START Given information

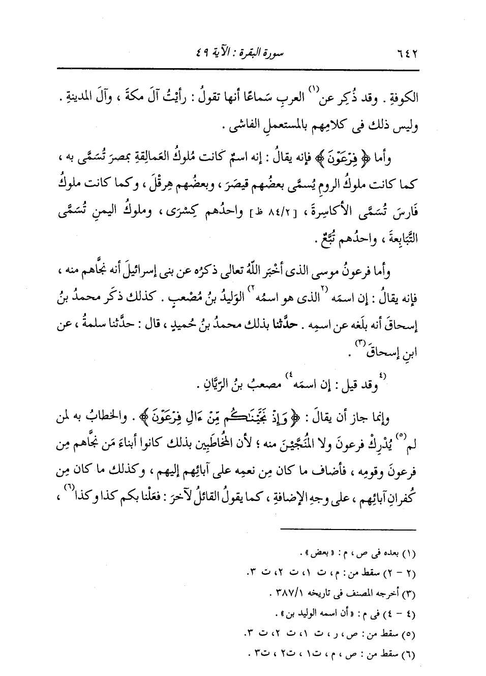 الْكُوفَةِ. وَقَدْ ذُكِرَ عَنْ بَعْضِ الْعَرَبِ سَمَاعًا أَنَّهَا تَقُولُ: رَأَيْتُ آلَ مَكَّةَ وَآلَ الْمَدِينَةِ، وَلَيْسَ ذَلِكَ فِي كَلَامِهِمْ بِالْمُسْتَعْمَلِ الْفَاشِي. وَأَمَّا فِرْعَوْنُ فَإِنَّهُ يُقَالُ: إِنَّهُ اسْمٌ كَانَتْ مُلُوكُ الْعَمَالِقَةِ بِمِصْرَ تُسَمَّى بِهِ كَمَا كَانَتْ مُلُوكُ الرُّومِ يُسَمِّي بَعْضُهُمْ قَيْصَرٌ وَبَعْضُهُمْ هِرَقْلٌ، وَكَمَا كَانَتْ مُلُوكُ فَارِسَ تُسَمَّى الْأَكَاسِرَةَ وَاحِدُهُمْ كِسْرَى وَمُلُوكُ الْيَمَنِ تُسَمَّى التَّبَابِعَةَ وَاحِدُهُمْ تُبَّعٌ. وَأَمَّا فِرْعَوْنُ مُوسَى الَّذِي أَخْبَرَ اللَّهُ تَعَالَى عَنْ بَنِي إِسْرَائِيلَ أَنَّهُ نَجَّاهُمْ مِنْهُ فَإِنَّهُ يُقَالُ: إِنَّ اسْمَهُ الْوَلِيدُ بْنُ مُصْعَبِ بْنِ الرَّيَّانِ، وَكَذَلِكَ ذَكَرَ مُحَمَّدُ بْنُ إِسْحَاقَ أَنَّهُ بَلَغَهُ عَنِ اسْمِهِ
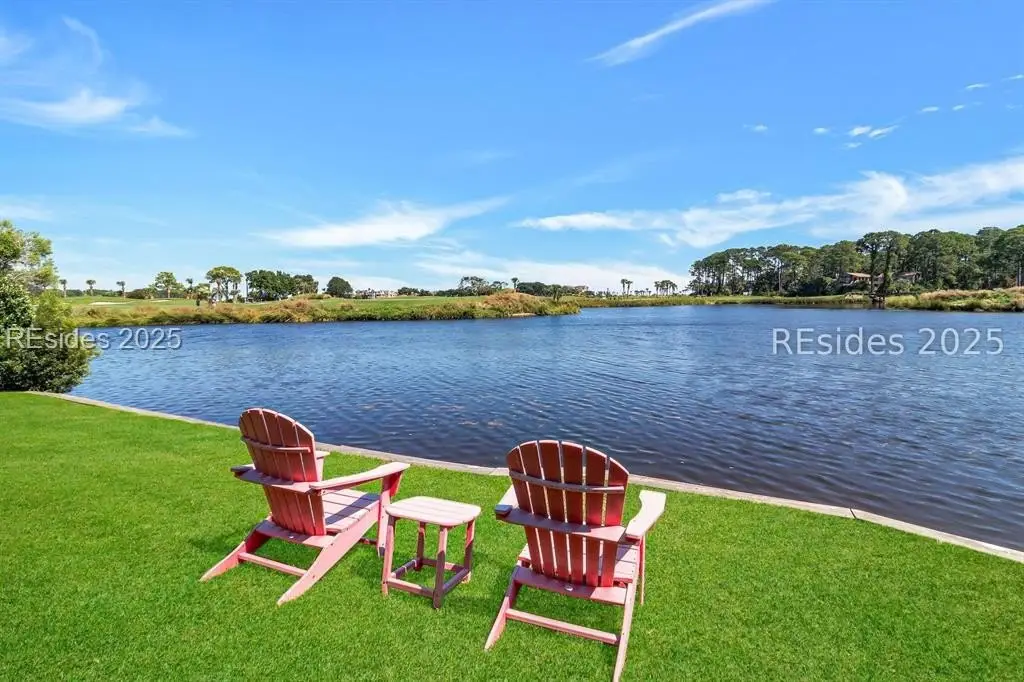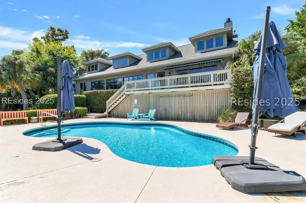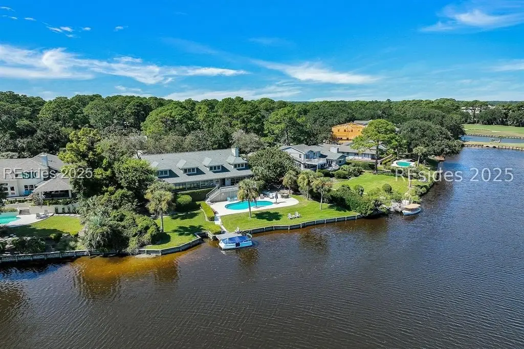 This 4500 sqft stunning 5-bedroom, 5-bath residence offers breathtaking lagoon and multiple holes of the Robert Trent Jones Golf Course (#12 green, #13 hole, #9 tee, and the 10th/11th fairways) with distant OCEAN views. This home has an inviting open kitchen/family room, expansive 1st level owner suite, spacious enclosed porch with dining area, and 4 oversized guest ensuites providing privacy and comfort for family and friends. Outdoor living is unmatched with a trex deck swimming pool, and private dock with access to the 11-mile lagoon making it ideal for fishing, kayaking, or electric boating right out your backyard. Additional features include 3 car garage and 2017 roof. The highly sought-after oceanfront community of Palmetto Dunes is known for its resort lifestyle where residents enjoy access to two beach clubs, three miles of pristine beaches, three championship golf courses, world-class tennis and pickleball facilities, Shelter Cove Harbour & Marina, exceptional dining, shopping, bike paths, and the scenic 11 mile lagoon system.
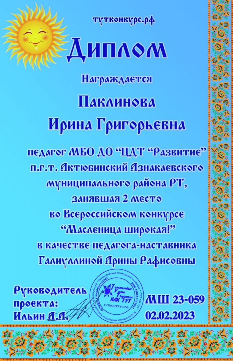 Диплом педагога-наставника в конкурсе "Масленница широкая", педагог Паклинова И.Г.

END Given information

**The problem**
An exact copy of the whole listing is required, minus the pictures.

**Your solution**
 الْكُوفَةِ. وَقَدْ ذُكِرَ عَنْ بَعْضِ الْعَرَبِ سَمَاعًا أَنَّهَا تَقُولُ: رَأَيْتُ آلَ مَكَّةَ وَآلَ الْمَدِينَةِ، وَلَيْسَ ذَلِكَ فِي كَلَامِهِمْ بِالْمُسْتَعْمَلِ الْفَاشِي. وَأَمَّا فِرْعَوْنُ فَإِنَّهُ يُقَالُ: إِنَّهُ اسْمٌ كَانَتْ مُلُوكُ الْعَمَالِقَةِ بِمِصْرَ تُسَمَّى بِهِ كَمَا كَانَتْ مُلُوكُ الرُّومِ يُسَمِّي بَعْضُهُمْ قَيْصَرٌ وَبَعْضُهُمْ هِرَقْلٌ، وَكَمَا كَانَتْ مُلُوكُ فَارِسَ تُسَمَّى الْأَكَاسِرَةَ وَاحِدُهُمْ كِسْرَى وَمُلُوكُ الْيَمَنِ تُسَمَّى التَّبَابِعَةَ وَاحِدُهُمْ تُبَّعٌ. وَأَمَّا فِرْعَوْنُ مُوسَى الَّذِي أَخْبَرَ اللَّهُ تَعَالَى عَنْ بَنِي إِسْرَائِيلَ أَنَّهُ نَجَّاهُمْ مِنْهُ فَإِنَّهُ يُقَالُ: إِنَّ اسْمَهُ الْوَلِيدُ بْنُ مُصْعَبِ بْنِ الرَّيَّانِ، وَكَذَلِكَ ذَكَرَ مُحَمَّدُ بْنُ إِسْحَاقَ أَنَّهُ بَلَغَهُ عَنِ اسْمِهِ
 This 4500 sqft stunning 5-bedroom, 5-bath residence offers breathtaking lagoon and multiple holes of the Robert Trent Jones Golf Course (#12 green, #13 hole, #9 tee, and the 10th/11th fairways) with distant OCEAN views. This home has an inviting open kitchen/family room, expansive 1st level owner suite, spacious enclosed porch with dining area, and 4 oversized guest ensuites providing privacy and comfort for family and friends. Outdoor living is unmatched with a trex deck swimming pool, and private dock with access to the 11-mile lagoon making it ideal for fishing, kayaking, or electric boating right out your backyard. Additional features include 3 car garage and 2017 roof. The highly sought-after oceanfront community of Palmetto Dunes is known for its resort lifestyle where residents enjoy access to two beach clubs, three miles of pristine beaches, three championship golf courses, world-class tennis and pickleball facilities, Shelter Cove Harbour & Marina, exceptional dining, shopping, bike paths, and the scenic 11 mile lagoon system.
 Диплом педагога-наставника в конкурсе "Масленница широкая", педагог Паклинова И.Г.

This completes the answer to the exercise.